On 23 February 2013 22:30, PseudoCylon moonlightak...@yahoo.ca wrote:
So, this is all pretty terrible. The only sane solution for now is to
make my VAP TX lock an IC TX lock,and grab said IC TX lock for all
VAPs. That way the driver can grab the IC TX lock when it's doing
deferred sends and it'll be sure the lock is held when it decides to
grab/increment sequence numbers from ni-ni_txseqs[].
I don't think
lock();
ni-ni_txseqs[]++;
unlock();
can fix the problem because no one can guarantee which process/thread
grabs the lock next.
Yup, that's definitely a problem.
The problem here is that packets coming into net80211 - either via
vap-input() (bpf injection) or vap-transmit() (802.3) , have to do
this:
* processed in order;
* the same order as they're then pushed into the power save / age queue;
* the same order that these frames get assigned sequence numbers and
enforce state (eg considering things for ampdu, power save, etc);
* the same order that they're queued to the driver;
* the same order that they're dequeued from the driver;
* the same order that they're processed (eg crypto encaps);
* the same order that it's then passed down into the driver - either
via direct dispatch or deferred queue.
* .. and do this without tearing my hair out.
The sequence will be messed up during moving packets from one queue to
another, i.e from driver queue to hardware queue. As long as packets
are in a queue (in a linked list) sequence won't change unless we
explicitly write such code. So...
Saving your hair option 1
tx()
{
for() {
lock();
dequeue(m);/* assuming queue is in order */
ni_txseqs[]++
enqueue_working_queue(m);
unlock();
...
process m
...
lock();
/*
* m may change here.
* Whichever the thread does dequeues, m0 will be
* the head of the queue, so sequence will be kept intact.
* But, need to test if processing of m0 has been completed.
*/
dequeue_working_queue(m0);
enqueue_driver_queue(m0); /* or hardware_queue() */
unlock();
}
}
This will keep sequence intact.
Right. This is similar to my idea (or two.)

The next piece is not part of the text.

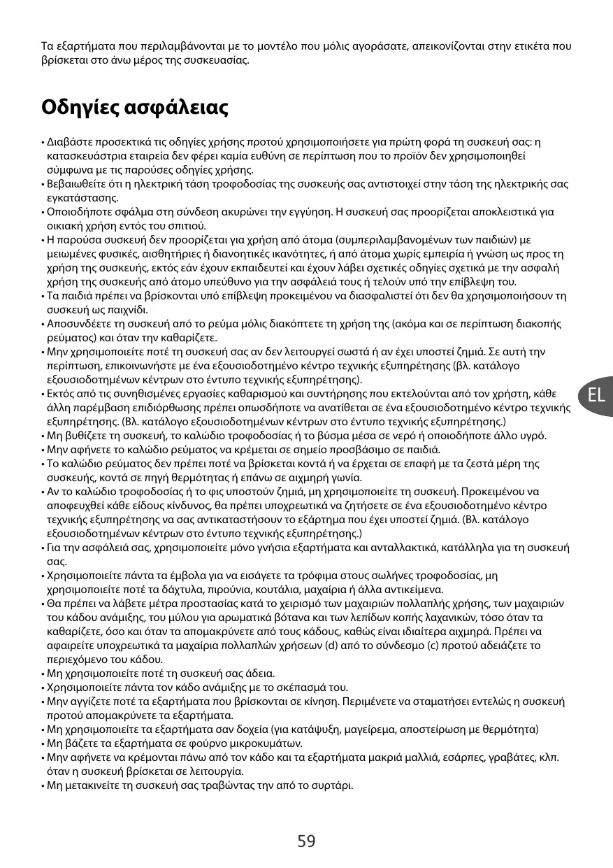• Lisez attentivement le mode d’emploi avant la première utilisation de votre appareil : une utilisation non conforme au mode d’emploi dégagerait le fabricant de toute responsabilité. • Vérifiez que la tension d’alimentation de votre appareil correspond bien à celle de votre installation électrique. • Toute erreur de branchement annule la garantie. Votre appareil est destiné à un usage domestique à l’intérieur de la maison. • Cet appareil n'est pas prévu pour être utilisé par des personnes (y compris les enfants), dont les capacités physiques, sensorielles ou mentales sont réduites, ou des personnes dénuées d'expérience ou de connaissance, sauf si elles ont pu bénéficier, par l'intermédiaire d'une personne responsable de leur sécurité, d'une surveillance ou d'instructions préalables concernant l'utilisation de l'appareil. • Il convient de surveiller les enfants pour s’assurer qu’ils ne jouent pas avec l’appareil. • Débranchez votre appareil dès que vous cessez de l’utiliser (même en cas de coupure de courant) et lorsque vous le nettoyez. • N’utilisez pas votre appareil s’il ne fonctionne pas correctement ou s’il a été endommagé. Dans ce cas, adressez-vous à un centre agréé (voir liste dans le livret service). • Toute intervention autre que le nettoyage et l’entretien usuel par le client doit être effectuée par un centre agréé (voir liste dans le livret service). • Ne mettez pas l’appareil, le câble d’alimentation ou la fiche, dans l’eau ou tout autre liquide. • Ne laissez pas pendre le câble d’alimentation à portée de mains des enfants. • Le câble d’alimentation ne doit jamais être à proximité ou en contact avec les parties chaudes de votre appareil, près d’une source de chaleur ou sur un angle vif. • Si le câble d’alimentation ou la fiche sont endommagés, n’utilisez pas l’appareil. Afin d’éviter tout danger, faites-les obligatoirement remplacer par un centre agréé (voir liste dans le livret service). • Pour votre sécurité, n’utilisez que des accessoires et des pièces détachées adaptés à votre appareil, vendu en centre agréé. • Utilisez toujours les poussoirs pour guider les aliments dans les cheminées, jamais les doigts, ni une fourchette, une cuillère, un couteau ou tout autre objet. • Des précautions doivent être prises lors de la manipulation du couteau multifonction, du couteau du bol mixer, moulin fines-herbes et des cartouches coupe-légumes, lorsque vous les nettoyez et lorsque vous videz les bols, ils sont extrêmement tranchants. Vous devez obligatoirement retirer le couteau multifonction (d) par son entraîneur (c) avant de vider le bol de son contenu. • N’utilisez pas votre appareil à vide. • Utilisez toujours votre bol mixer avec son couvercle. • Ne touchez jamais les pièces en mouvement, attendez l’arrêt complet avant d’enlever les accessoires. • N’utilisez pas les accessoires comme récipient (congélation – cuisson – stérilisation à chaud). • Ne passez pas les accessoires dans un four à micro-ondes. • Ne laissez pas pendre les cheveux longs, les écharpes, les cravates, etc… au dessus du bol et des accessoires en fonctionnement. • Ne déplacez pas votre appareil en le tenant par le tiroir.

There's a few other issues though!
ic_raw_xmit() is called by a bunch of places to generate both raw
frames and management frames. This bypasses the vap queue and calls
the driver direct. As an example, injected EAPOL frames have CCMP IV
numbers (as they're encrypted!) but not necessarily sequence numbers.

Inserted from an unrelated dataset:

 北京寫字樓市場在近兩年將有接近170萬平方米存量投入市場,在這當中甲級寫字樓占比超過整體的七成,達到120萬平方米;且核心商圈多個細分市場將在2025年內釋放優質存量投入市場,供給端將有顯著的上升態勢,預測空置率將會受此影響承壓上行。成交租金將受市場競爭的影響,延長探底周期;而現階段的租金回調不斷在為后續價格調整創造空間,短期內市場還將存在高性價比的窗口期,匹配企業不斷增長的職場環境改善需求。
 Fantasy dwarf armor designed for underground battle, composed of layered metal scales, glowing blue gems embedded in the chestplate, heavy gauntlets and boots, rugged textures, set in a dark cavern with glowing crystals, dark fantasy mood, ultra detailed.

Because the CCMP IV gets calculated int he driver at some point after
it's been queued, ANY slight race here causes some other frame to get
queued with a CCMP IV -after- the EAPOL frame, and it will get
dropped. Then you get your session dropped. :-)
ic_raw_xmit() is also an ic method, not a vap method. Yes, it bypasses
the vap queue.
There's deferred transmission going on (eg ath_start() getting called
from TX completion, as an example.) Should that be called under the
above lock() in your example?
And the TX sequence number stuff in iwn and ath, because the
aggregation code reuses the ni_txseqs[] array. So yes, the locking
wouldn't clash with the rest of net80211 (as only either the non-agg
TX path in net80211 or the TX path in ath/iwn would be using that
variable) but it's still a pain in the ass.
Grr.
The ridiculously complicated, broken-down-into-bits version:
* add a new mbuf tag to mbufs (optional) which lets us tag an mbuf
with a bpf TX params struct (ie, what gets optionally passed into the
raw xmit call);
* calls to ic_raw_xmit() become a VAP raw xmit;
* the VAP raw xmit pushes mbufs into the same ifnet queue that the VAP
frames have (ie right now the VAP ifnet queue) - ie, serialise the raw
and non-raw VAP frames before it gets processed for 802.11 state;
* .. then move the VAP transmit to your model - which is
+ vap transmit and raw transmit just push frames into the vap ifnet queue;
+ vap transmit then schedules a deferred task or a direct dispatch +
deferred task if we cant grab the VAP TX lock;
+ the vap transmit task/dispatch routine handles the frames one at a
time - either inside a task queue or inside the VAP TX lock - thus all
of the 802.3 - 802.11 encapsulation and state handling is correctly
serialised _and_ the order of sequence numbers and frame handling is
maintained;
+ then those frames have to be queued to the driver in _exactly_ the
same order - so either the VAP TX task/process queues them into a
driver staging queue and kicks the driver side ,or it goes into a
separate task to do driver dispatch;
+ .. and then it's up to the driver to dequeue each frame, handle it
and push them into the hardware in the same order.
Now, that's totally, ridiculously complicated but it does avoid a
bunch of reentrant